Part I begins with an excellent historical survey by W. Elliot Brownlee of the rates facing the rich from the beginning of the U.S. income tax in 1913 to the present. He indicates that effective rates during the high marginal rate years of World War I reached 15.8%, and that during the high marginal rate years of World War II they reached an astonishing 58.6% in 1944. After the war, while the top marginal rate remained extremely high at 91%, the effective rate for the rich declined to 32.2% in 1952, then 24.6% in 1963, rising to 28.9% when Ronald Reagan took office and declining to 22.1% following the 1986 tax reductions. The conclusion drawn by Brownlee is that the rich can be taxed at very high effective rates during times of national emergency, but that at other times their political clout ensures that effective rates are much lower than marginal rates.”

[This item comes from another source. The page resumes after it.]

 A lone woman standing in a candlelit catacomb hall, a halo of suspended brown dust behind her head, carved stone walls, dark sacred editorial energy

Well, guess we don't need to worry about the nominal rates, they mean squat. But the question; do high rates cost us? The summary answer:
“In general, they provide a mixed answer... While there is some evidence of behavioral responses, it is quite limited and seems to depend crucially on the authors’ chosen methodology. Importantly, most of the findings of behavioral response relate to the use of various tax avoidance techniques—and even there the evidence is mixed, with some obvious techniques being used less than they should be in a world in which tax minimization is very important to the rich. Real behaviors, such as labor and saving, seem much less affected by taxation. This distinction is important because while both tax avoidance techniques and real behavioral changes cause deadweight losses, the former can be partially prevented by changing the law, while the latter are less amenable to legal change since one cannot force the rich to work or save more.”

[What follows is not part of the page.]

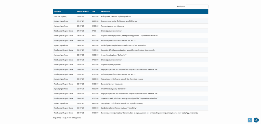 Οι πρώτες εκδηλώσεις ξεκίνησαν από Τρίτη 2 Ιουλίου, με περιβαλλοντικές δράσεις με τον καθαρισμό του Ενετικού Λιμένος Ηρακλείου, με ασκήσεις προστασίας θαλάσσιου περιβάλλοντος, με ασκήσεις έρευνας και διάσωσης, γεμίζοντας με ήχους και εικόνες το Λιμάνι του Ηρακλείου.

As to the evidence, Mr. Avi-Yonah states that the 9 studies are reported in 3 groups. The first being limitations of past research such as noted by Goolsbee. The second group:
“...support the view that behavioral responses by the rich to taxation are quite limited. A study by Moffitt and Wilhelm investigates the labor supply decisions of the rich based on responses to the 1986 Tax Reform Act and finds essentially no responsiveness of the hours of work of high-income men to tax reductions...But the studies also suggest that high-income men are unlikely to decrease hours worked as tax rates go up...Other studies in this group suggest that even financial behaviors, which are less “ real,” and therefore more likely to be tax-motivated than labor or saving decisions, do not respond much to taxation.”

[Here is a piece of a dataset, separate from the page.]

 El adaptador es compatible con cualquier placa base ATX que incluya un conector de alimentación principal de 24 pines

He specifically notes evidence that portfolio choices do not significantly change, there is not “judicious” sheltering of capital gains and that “inter vivos giving” are “much lower” than would be expected if “households were taking full advantage of this estate tax avoidance technique.”
So far, nominal rates mean squat and the rich don't really play the tax rate game as has been implied by those offering tax rates as an excuse for our sorry condition. But, they do play:
“The third and final group is made up of studies that do find some behavioral responses to taxation. For example, Auten, Clotfelter, and Schmalbeck find that the current tax system does stimulate some charitable giving by the wealthy, compared with a system in which contributions are not deductible, but that the sensitivity of giving to tax changes is smaller than suggested by previous researchers. They also find that current law does encourage the wealthy to engage in elaborate estate tax arrangements associated with their charitable donations. Alm and Wallace examine a wide range of taxpayer reporting decisions by the rich in the wake of tax law changes and suggest that they show increased responsiveness due to their larger control over the form of their compensation. Finally, Carroll, Holtz-Eakin, Rider, and Rosen investigate the behavior of entrepreneurs in response to tax rate increases and conclude that individual income taxes do have a large negative effect (a five percent increase in marginal tax rates decreases mean capital expenditures by approximately ten percent).”
My theory on this last info, they like to make sure they settle their conscience in the end but only if they get a break and if they earned it with their own business they will sacrifice the business to keep up the income.
“I would also add that most of the evidence for behavioral responses in the book relates to tax avoidance strategies (e.g., charitable giving techniques, shifting income from corporations to individuals, and the timing of receipts), rather than to real activities (labor and saving decisions).”
Mr. Avi-Yonah closes this part of his argument noting that the book did not address the issue of illegal tax avoidance:
“Slemrod is not to be blamed for not focusing on this issue because no recent data exist, but it is high time for Congress to study the question of illegal tax evasion by Americans.”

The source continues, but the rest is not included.